By Simon Saradzhyan
The United States last week slapped sanctions on two Russian companies accused of assisting Iran's alleged chemical, biological and nuclear weapons program while at the same time removing several Russian companies and a scientist from its blacklist.
The sanctions were imposed because of "credible information" that the companies had transferred to Tehran equipment and technology that "have the potential of making a material contribution to [weapons of mass destruction], or cruise or ballistic missile systems," U.S. State Department deputy spokesman Adam Ereli told reporters in Washington, news agencies reported.
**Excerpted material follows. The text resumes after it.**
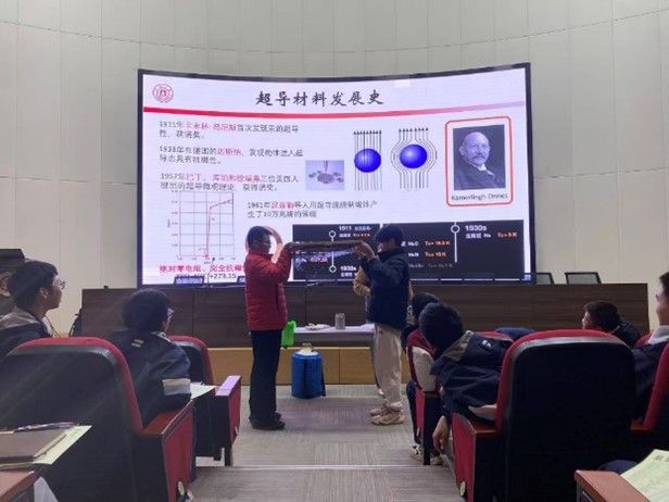 12月5日,色花堂 副院长胡子阳率师生团队前往浙江工业大学附属德清高级中学,开展了一场别开生面的科普送课活动。此次活动以“超导磁悬浮探秘之旅”为主线,通过实验演示、互动体验与座谈研讨,为高中学生带来沉浸式科学体验,也为两校共建人才培育机制打开了新的合作空间。
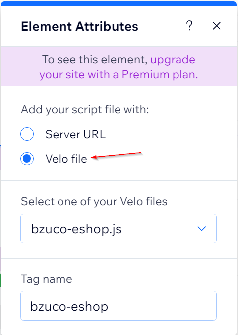 - Přidejte nový Custom Element podle návodu: Wix Editor: Adding a Custom Element to Your Site.

It was not clear which Russian companies were added to the blacklist, which bars them from trading or cooperating with U.S. firms for two years. Agence France Presse, citing unidentified Russian media reports, said one of the two firms is the Omsk Engine-Construction Plant, a manufacturer of airplane and rocket engines.
"Russia rejects the principle whereby one nation imposes sanctions on organizations in another country," the Foreign Ministry said in a statement. "Our position ... is well known."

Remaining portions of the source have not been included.